One story from Kapsan (in Chinese, as it gives far greater detail than the English version of the same sad tale) describes how Mrs. Shin, a mother with two children, ages 11 and 9, was selling potato noodles in a street market until the currency revaluation cut off her business. She begged for help from the local authorities, who finally sent representatives to her home, where they found her 11-year-old dead from starvation, the 9-year-old barely breathing, and 9,000 useless won of the old currency. In response, the provincial Party secretary visited Shin’s house and thereafter opened up a public cafeteria for two days, fearing social instability among the poorest classes (who were certainly feeling combative before the worst hunger set in). The fact that the highest public official in Ryanggang province intervened in this case would appear to indicate that at the very least, death by starvation in that province is not widespread, but a distinct possibility nevertheless, and that Party members are on edge.

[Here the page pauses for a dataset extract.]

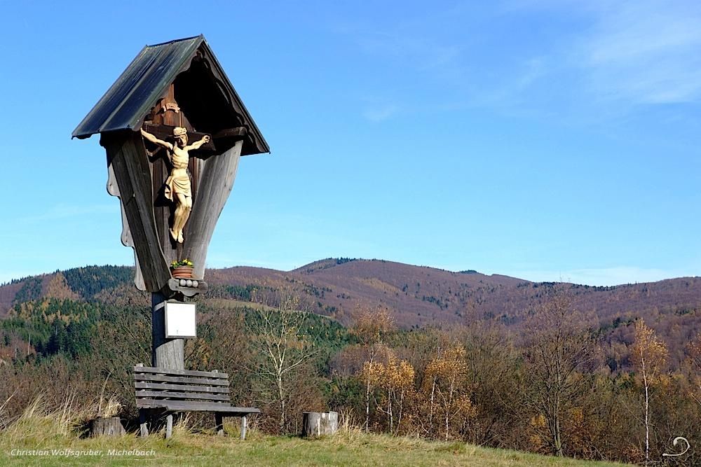 V malém obchůdku Susi's se zásobte potravinami a vydejte se po asfaltové cestě mezi Gasthof zur Glashütte a zahradou pro hosty. Po 150 metrech odbočíme vlevo na neznačenou cestu a jdeme do kopce podél typického vídeňského příkopu. Před smrkovým hájem se cesta mírně stáčí doleva a brzy se nám odhalí malebné statky Klein- a Großleiten. Projdeme kolem nich a držíme se vozové cesty, kolem vodní nádrže a nahoru k "Červenému kříži". Po bílo-zeleno-bílém značení na západě vede cesta směrem na Stollberg (rozcestník), přejdeme lesní cestu a vynoříme se tmavým smrkovým lesem na louku Hirschbach, kde nás mezi dvěma modříny čeká "Černý kříž". Pokračujeme po panoramatickém hřebeni kolem krásného solitérního dubu, až polní cesta odbočí vlevo těsně před Stollberger-Anhöhe, kde odbočíme vpravo dolů k hostinci Gasthof Kreuzwirt.

Finally, it’s worth noting that all of this misery is being compounded by severe cold weather. It is frigid in North Korea right now: On December 20, it was – 26 C. in Changbaishan/Paektu, Hyesan (惠山) – 24 C., Kanggye (江界) – 20 C., Sinuiju (新义州) – 13 C., Pyongyang (平壤) – 11 C. Yes, those are negative numbers. As the Daily NK’s Chinese report further describes, North Korea is heavily dependent on coal and wood for their heat, and this winter is clearly going to strain supplies of both.
We can bellyache all day about China’s heavy reliance upon coal and non-renewables, but for today, at least, it’s helpful to recall that Daqing crude and Fushun coal will be keeping real North Koreans alive this winter.

The refugee issue is a key factor. It is obvious that neither South Korea nor the States or others are pushing this issue. And the Chinese government can change it. I think about Eastern Europe 1989 here.
China can’t do much about the talkbukjas without further coordination from the South Korean government. Not sending them back to the DPRK doesn’t solve the issue. Do the Chinese just let them stay in China for as long as they want? Do the Chinese just let them hit foreign embassies and consulates at will? There must be a permanent solution to this. It is very disingenuous for the SK government, NGOs and human rights groups to just tell China “buksong joongji!” without putting anything else on the table.